"""

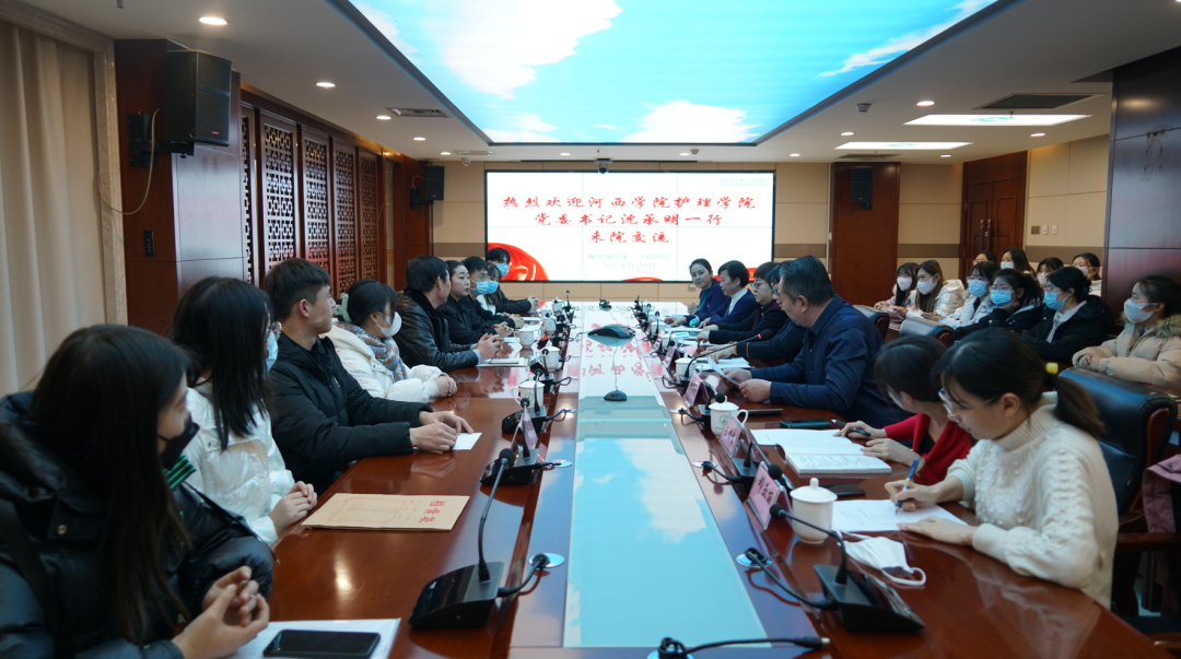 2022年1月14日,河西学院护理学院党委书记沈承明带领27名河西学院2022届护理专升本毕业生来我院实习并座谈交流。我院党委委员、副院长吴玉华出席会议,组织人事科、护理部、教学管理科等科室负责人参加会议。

"""
"""

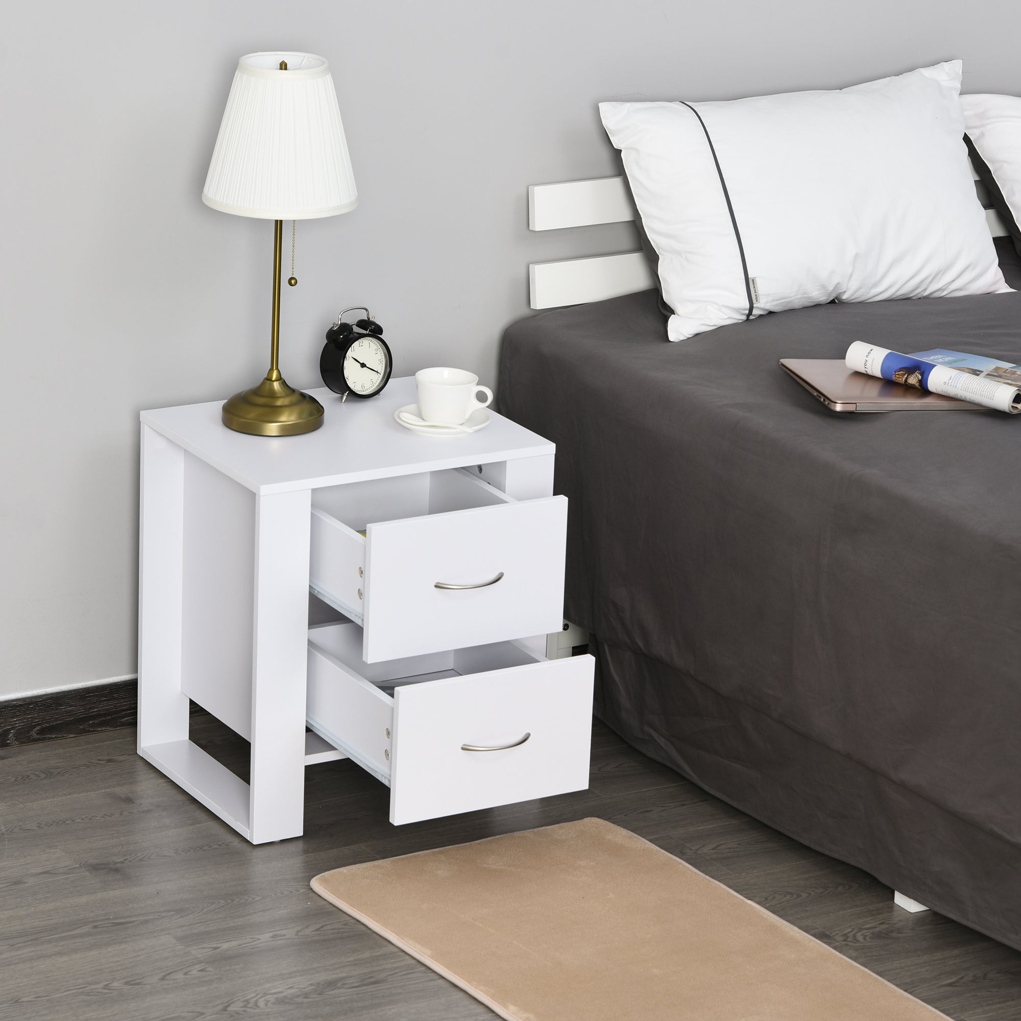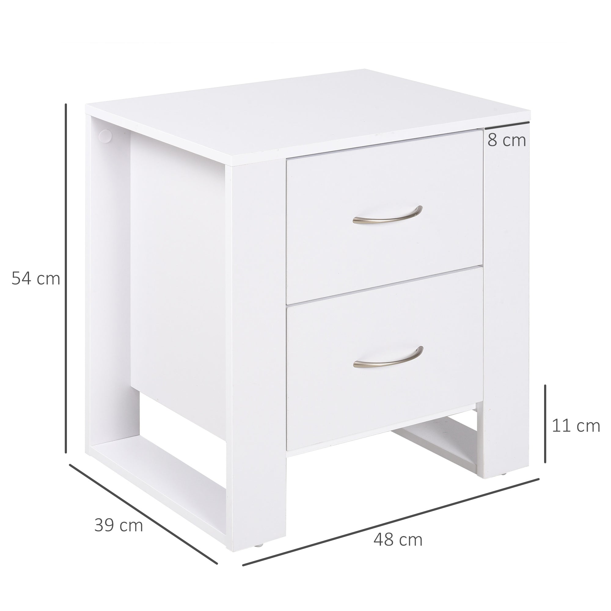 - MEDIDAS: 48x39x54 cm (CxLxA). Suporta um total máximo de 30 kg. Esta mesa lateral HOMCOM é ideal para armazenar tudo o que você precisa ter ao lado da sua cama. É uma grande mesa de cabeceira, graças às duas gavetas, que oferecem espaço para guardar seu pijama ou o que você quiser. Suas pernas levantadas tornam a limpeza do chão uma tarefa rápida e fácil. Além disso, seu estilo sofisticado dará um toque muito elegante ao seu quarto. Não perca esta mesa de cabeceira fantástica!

"""
"""

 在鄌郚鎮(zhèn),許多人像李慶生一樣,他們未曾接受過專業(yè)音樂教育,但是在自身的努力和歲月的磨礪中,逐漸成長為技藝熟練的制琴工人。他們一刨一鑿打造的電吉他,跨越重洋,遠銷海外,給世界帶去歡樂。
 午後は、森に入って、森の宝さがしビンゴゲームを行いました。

"""

To do
From the records above, copy only the lines starting with the line that holds "在鄌郚鎮(zhèn),許多人" and going on through the line that holds "午後は、森に入って、森の宝さがしビンゴゲームを行いました。", exactly as written.

Exercise solution
 在鄌郚鎮(zhèn),許多人像李慶生一樣,他們未曾接受過專業(yè)音樂教育,但是在自身的努力和歲月的磨礪中,逐漸成長為技藝熟練的制琴工人。他們一刨一鑿打造的電吉他,跨越重洋,遠銷海外,給世界帶去歡樂。
 午後は、森に入って、森の宝さがしビンゴゲームを行いました。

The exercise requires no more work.